Słuchaj nas: Kielce 107,9 FM | Busko-Zdrój 91,8 FM | Święty Krzyż 91,3 | Włoszczowa 94,4
Szukaj Facebook Twitter Youtube
Radio eM

PUBLICYSTYKA

Wakacyjna miłość… do pupila

wtorek, 19 lipca 2022 09:44 / Autor: Łukasz Czerwiak
Wakacyjna miłość… do pupila
Fot. Shutterstock
Wakacyjna miłość… do pupila
Fot. Shutterstock
Łukasz Czerwiak
Łukasz Czerwiak

Często nazywamy zwierzęta naszymi przyjaciółmi. Wakacje to jednak w wielu przypadkach czas próby dla tych relacji. Zdarza się, że zwierzęta są porzucane przez swoich właścicieli, bo nie pasują do ich planów urlopowych. A możliwości zorganizowania opieki nad psami czy kotami są bardzo duże.

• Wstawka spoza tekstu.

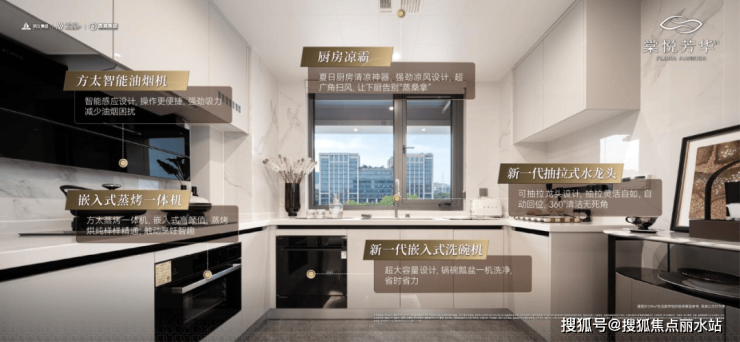 不仅搭载了全屋智能、精装三大件(新风、地暖、中央空调),厨房还配齐了方太三件套(侧式吸油烟机、三眼灶、洗碗机),还有蒸烤一体机、抽拉式水龙头、凉霸和一整面橱柜。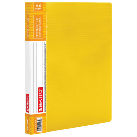 Папка с металлическим скоросшивателем и внутренним карманом BRAUBERG "Contract", желтая, до 100 л., 0,7 мм, бизнес-класс, 221785

Wakacje to czas, w którym udajemy się na zasłużony wypoczynek. Dla właścicieli czworonogów i innych zwierząt pojawia się w tym okresie pytanie: co zrobić ze swoim pupilem? Zabrać go ze sobą na urlop czy zostawić pod czyjąś opieką, a jeśli tak, to pod czyją?  Na przestrzeni ostatnich lat wzrosła oferta dla tych, którzy nie mogą zabrać swojego ulubieńca na zaplanowany wypoczynek.

Bierzemy misia w teczkę…

- Gdy w poprzednich latach wyjeżdżałem na wakacje zostawiałem mojego pupila u najbliższej rodziny. Teraz jednak pies jest dojrzały, wymaga specjalistycznej opieki i lepszym wyjściem jest zabranie go ze sobą. Dlatego, gdy szukałem miejsca na wakacje to brałem pod uwagę, to, czy w danym hotelu pies może być z nami – opowiada Piotr, który na wakacje udaje się ze swoim czworonożnym kompanem zagranicę. W takiej sytuacji należy pamiętać, że zwierzę powinno posiadać paszport, który potwierdza to, że pies jest zaszczepiony przeciwko wściekliźnie. Obecnie w Kielcach taki dokument można wyrobić u sporej części weterynarzy. Szczepienia trzeba dokonać odpowiednio wcześniej, co najmniej 3 tygodnie przed planowanym wyjazdem. Wydanie takiego zaświadczenia kosztuje zaledwie 100 złotych i jest ono ważne przez całe życie zwierzęcia, jeśli posiada ono aktualne szczepienie. Oczywiście nie tylko psy powinny posiadać paszporty. Koty, fretki czy inne zwierzęta też to obowiązuje. – Jeśli chodzi o kwatery, w których akceptuje się zwierzęta, to jest ich coraz więcej, kiedyś był z tym problem. Teraz wystarczy poszperać na booking.com i prawie w każdej większej miejscowości znajdziemy obiekt, gdzie można przywieźć psa czy kota – podsumowuje Piotr.

Hotele dla psów

Sprawdziliśmy oblężenie w wybranych hotelikach dla psów w naszym regionie. W Hoteliku „Pikuś” oraz „Tajga” miejsca nie ma do końca sierpnia. Dopiero w październiku będzie można oddać pociechę do „Norki” oraz „Pod lasem”. Czym kierować się przy wyborze takiego miejsca? O opinię zapytaliśmy Annę Studzińską, prezes Towarzystwa Opieki nad Zwierzętami – Dużo o hotelach mówi to, kiedy dostępne są wolne miejsca. Im dłuższy czas oczekiwania, to wiadomo, że miejsce cieszy się większym zainteresowaniem. Oczywiście warto pojechać i zobaczyć jakie tam panują warunki. Nie ukrywam, że ceny też należy brać pod uwagę, ponieważ jak wiadomo nie każdego stać na ten najlepszy hotel – wyjaśnia Anna Studzińska.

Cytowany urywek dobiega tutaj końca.